• Aim of the exercise
Output the whole listing exactly, except for the pictures in it.

• Available data
....
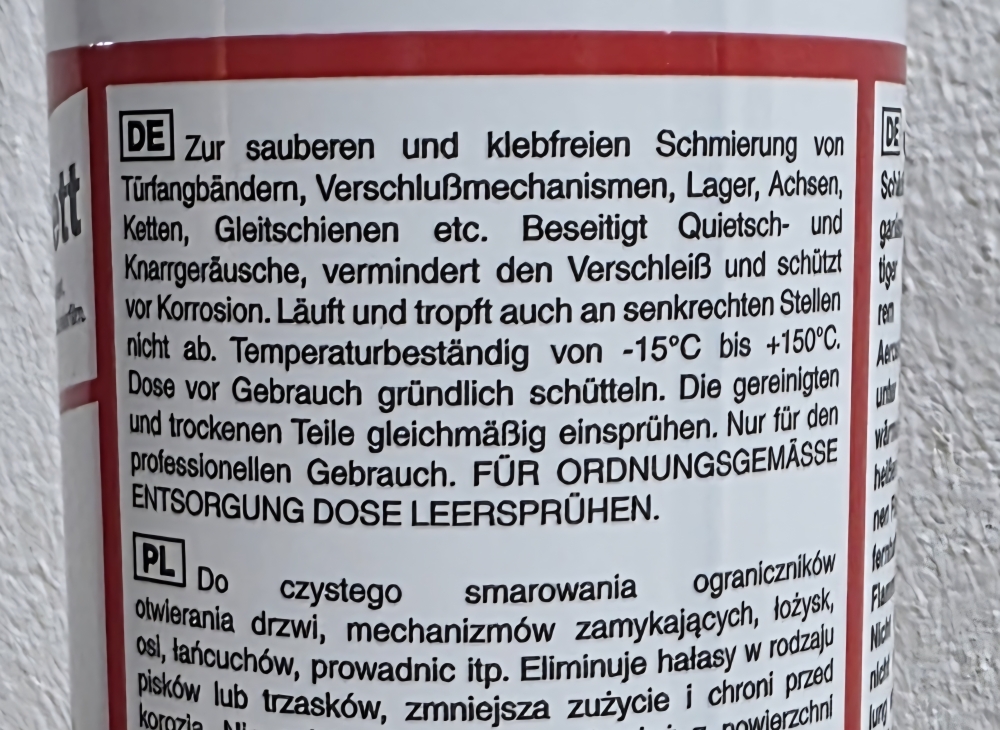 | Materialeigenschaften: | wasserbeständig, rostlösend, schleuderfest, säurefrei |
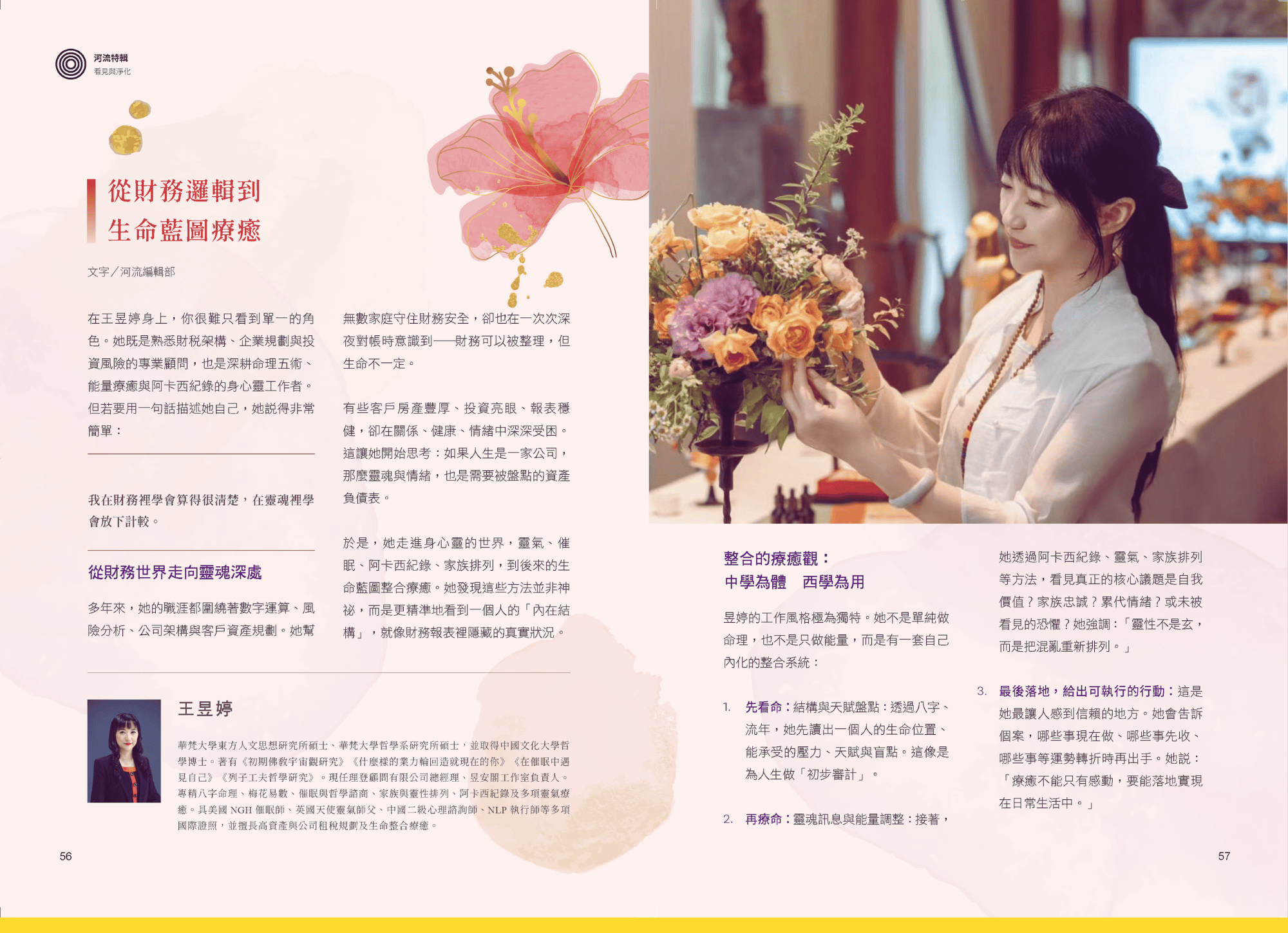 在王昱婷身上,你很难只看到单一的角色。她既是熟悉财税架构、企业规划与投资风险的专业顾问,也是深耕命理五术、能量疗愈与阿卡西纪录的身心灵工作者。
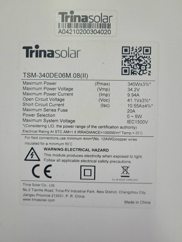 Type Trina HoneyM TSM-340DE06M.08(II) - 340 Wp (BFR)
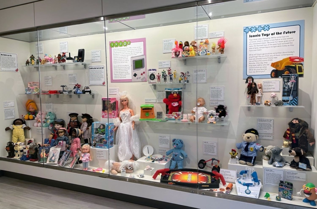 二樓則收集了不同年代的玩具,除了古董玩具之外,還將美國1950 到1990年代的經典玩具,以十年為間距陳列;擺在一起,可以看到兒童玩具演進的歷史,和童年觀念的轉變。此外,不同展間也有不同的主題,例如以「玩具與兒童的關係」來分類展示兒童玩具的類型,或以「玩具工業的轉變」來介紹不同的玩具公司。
....
• Solution to the problem
 | Materialeigenschaften: | wasserbeständig, rostlösend, schleuderfest, säurefrei |
 在王昱婷身上,你很难只看到单一的角色。她既是熟悉财税架构、企业规划与投资风险的专业顾问,也是深耕命理五术、能量疗愈与阿卡西纪录的身心灵工作者。
 Type Trina HoneyM TSM-340DE06M.08(II) - 340 Wp (BFR)
 二樓則收集了不同年代的玩具,除了古董玩具之外,還將美國1950 到1990年代的經典玩具,以十年為間距陳列;擺在一起,可以看到兒童玩具演進的歷史,和童年觀念的轉變。此外,不同展間也有不同的主題,例如以「玩具與兒童的關係」來分類展示兒童玩具的類型,或以「玩具工業的轉變」來介紹不同的玩具公司。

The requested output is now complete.